2.3. Automated IMS Process
The principle of the automated IMS operation and the performance of the fabricated automated IMS device have been described in our previous studies [26,27]. In brief, the automated IMS device used consisted of a peristaltic-pump-based fluidics control component and an external magnetic field-based bacterial recovery component. A 100-mL incubated food sample with target-specific immunomagnetic beads was injected automatically into the device, and 150 mL of BPWT flowed into the collection tube. The 250 mL solution was then equally divided into 8 collection tubes. Subsequently, the cylindrical glass-covered magnetic bars were used to isolate the immunomagnetic beads along with the target bacteria from the sample solution. After completion of the sample injection, the immunomagnetic beads bound with bacteria were separated automatically and concentrated into a single recovery tube containing 2 mL of PBST (PBS buffer with 0.5% Tween-20). The recovery process was repeated twice to obtain the remaining immunomagnetic beads, and the entire process was completed automatically in 30 min. Finally, the bacteria that adhered to the immunomagnetic beads were collected in 2 mL of recovery solution and concentrated into 100 μL of elution buffer by manual magnetic separation.
2.4. Real-Time PCR
Real-time PCR was performed by adding SYBR Green PCR Master Mix (2×, 10 μL), each primer (10 pmol, 1 μL), boiled cell lysate (2 μL), and deionized water (6 μL) into a 100 μL PCR tube. The sequence-targeted eaeA gene of E. coli O157:H7 was amplified using the following primers: forward primer 5′-GTA AGT TAC ACT ATA AAA GCA CCG TCG-3′ and reverse primer 5′-TCT GTG TGG ATG GTA ATA AAT TTT TG-3′ [11]. The bacteria recovered by the automated IMS were heated at 95 °C for 5 min, followed by 45 cycles of denaturation at 95 °C for 15 s, annealing at 60 °C for 20 s, and extension at 72 °C for 20 s.
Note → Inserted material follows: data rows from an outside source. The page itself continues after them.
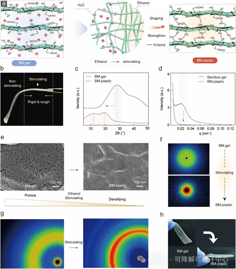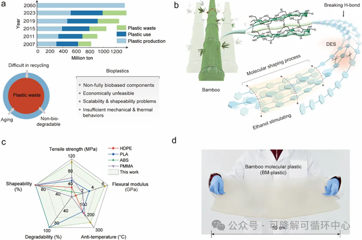 全球每年超亿吨的塑料产量与日益严峻的白色污染影响下,开发兼具高机械性能、可塑型、全降解及可循环再利用的生物基塑料是解决当下石化塑料污染物问题的有效途径。近日,东北林业大学于海鹏教授与沈阳化工大学赵大伟教授,提出一种绿色溶剂调控的分子重塑技术,精准调控竹纤维素分子网络中氢键“重组”,开发了一种竹分子塑料(BM-plastic)。该生物塑料不仅力学强度超越多数通用工程塑料,同时展示出优异的热稳定性、可控塑型性、循环再利用性及完全的自然环境可降解性,为从源头破解塑料污染困境提供了可行方案。相关成果以“High-strength, multi-mode processable bamboo molecular bioplastic enabled by solvent-shaping regulation”为题发表于Nature Communications期刊。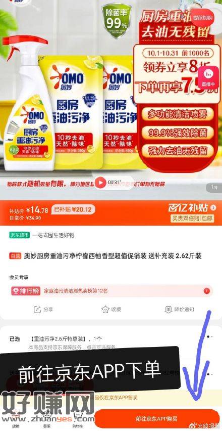 奥妙 厨房重油污净2.62斤,14.78元,送洗洁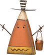 A wooden sitter from our Halloween Collection displaying a charming candy corn character dressed for trick or treating that is recreated from an original hand carved and painted piece. Halloween sitter features twisted wire and painted accents with distressed details to create a handmade feel. Candy corn man design also features a metal treat pail holding a wooden candy corn. Our Candy Corn Man sitter is designed to free-stand alone on flat surface for easy display. A rustic Halloween home accent that easily adds seasonal style to any home or work space.
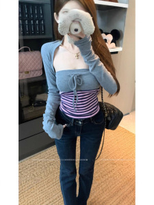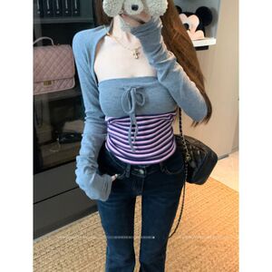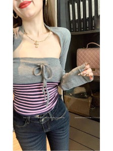 【工厂现货】韩系套装女秋季长袖开衫上衣显瘦无袖抹胸上衣两件套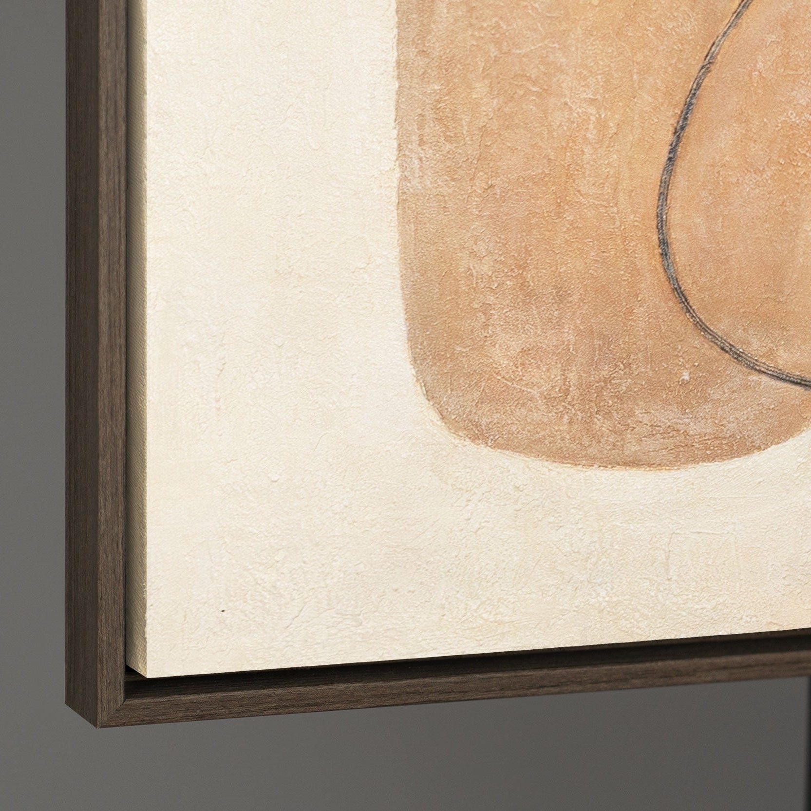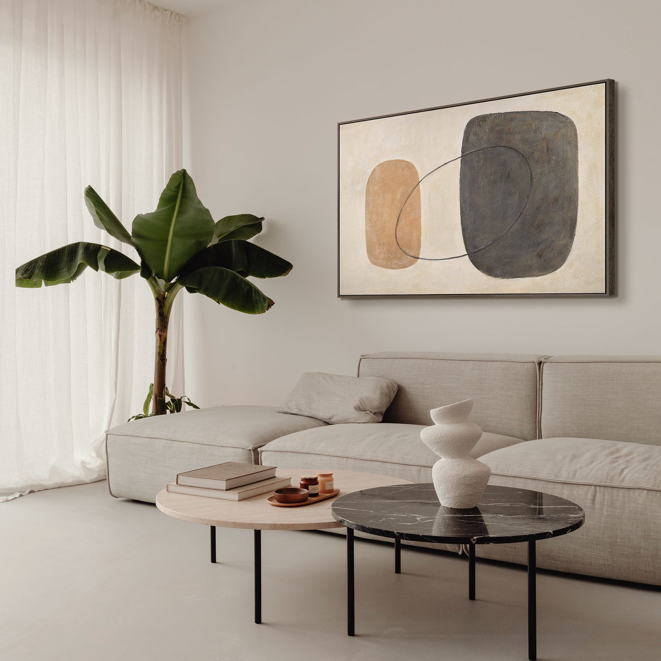 «Equilibrio de Contrastes» exhibe la sutil interacción de luces y sombras. Dos formas orgánicas —una en un cálido beige y la otra en un profundo antracita— conviven en serena armonía, unidas por una fina línea. La textura de la superficie aporta profundidad, mientras que la suave paleta de colores irradia tranquilidad y equilibrio.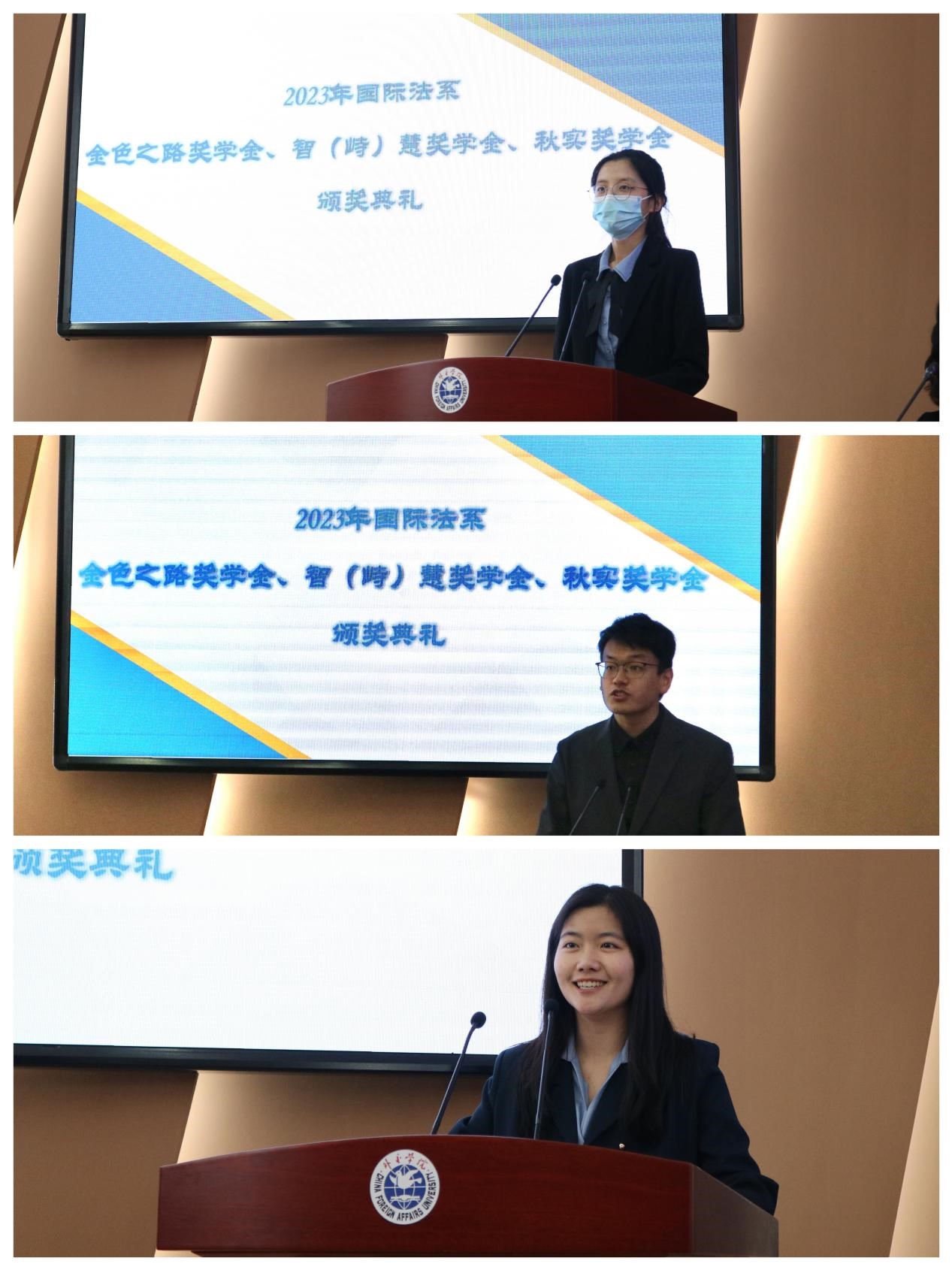 崔砾元、木新涛同学、王梓欢同学作为获奖学生代表发言。三位同学对奖学金设立者表示衷心感谢,并将带着校友们的期许,肩负起使命和责任,不懈奋斗。

Subsequently, the temperature was gradually increased for the melting curve analysis and then reduced to 4 °C. Fluorescence intensity was monitored during amplification and melting curve analysis, and the collected data were analyzed using MyGo-mini software version 3.2 (Ecogen, Barcelona, Spain).
2.5. Recovery Monitoring and Data Analysis
The conventional method was used to confirm recovery of E. coli O157:H7 and to obtain a standard curve to assess the correlation between quantification cycle (Cq) and concentration of genomic DNA (Figure 1). This method involved culture-based enrichment for 18–24 h and growth on the selective agar medium that supported the growth of the target bacteria. A single colony was picked and enriched for 18–24 h, and the genomic DNA of the target bacteria at 109 CFU/mL was then extracted using the QIAamp DNA Mini Kit. Next, the eluted DNA was serially diluted, and each decimal dilution was amplified by real-time PCR under the same conditions mentioned above. The target E. coli O157:H7 cell lysates (101–105 CFU in 100 μL elution buffer) that had been prepared by heating were quantitated by real-time PCR. In addition, the number of cells was confirmed by counting the colonies grown on selective agar medium. Negative-control experiments were performed using genomic DNA extracted from nontarget S. enterica and S. aureus at 109 CFU/mL by real-time PCR using E. coli O157:H7 eaeA gene-specific primers.
In the case of the ground beef sample, the recovered bacteria conjugated with immunomagnetic beads were treated with proteinase K at 65 °C for 10 min to eliminate protein-related PCR inhibitors and subsequently heated at 85 °C for 10 min to extract genomic DNA. In the case of milk and cabbage samples, the recovered bacterial cells were directly boiled at 85 °C for 10 min in elution buffer without additional treatment. At this point, the immunomagnetic beads were immediately separated from the solution by using an external magnetic field. Subsequently, real-time PCR analysis was performed using the recovered 2 µL of bacterial lysate under the same operating conditions mentioned above.
3. Results and Discussion
3.1. Establishment of a Standard Curve
A standard curve was generated using genomic DNA from E. coli O157:H7 to confirm the efficiency of the PCR primers used. Eluted genomic DNA from E. coli O157:H7 was prepared as a 10-fold dilution series. The Cq values of real-time PCR were plotted on a logarithmic scale versus the DNA concentration (inset graph of Figure 2). The slope (–3.5) of the standard curve indicated that the efficiency of the primer for the target gene was 93.07%, based on Equation (1).
Efficiency (%) = (10−1/slope − 1) × 100
It has been proposed in previous literature that the efficiency should be between 90% and 110% in order for it to be considered suitable for quantitative detection [28]. Furthermore, the Cq values were generated from the E. coli O157:H7 cell lysate and compared with the concentration of recovered bacteria in the food samples (Figure 2). These results were obtained by real-time PCR under the same operating conditions used for the recovered sample. Thus, it was possible to quantify the cells in the recovered sample and to theoretically evaluate the initial concentration of E. coli O157:H7 present in the foods [27].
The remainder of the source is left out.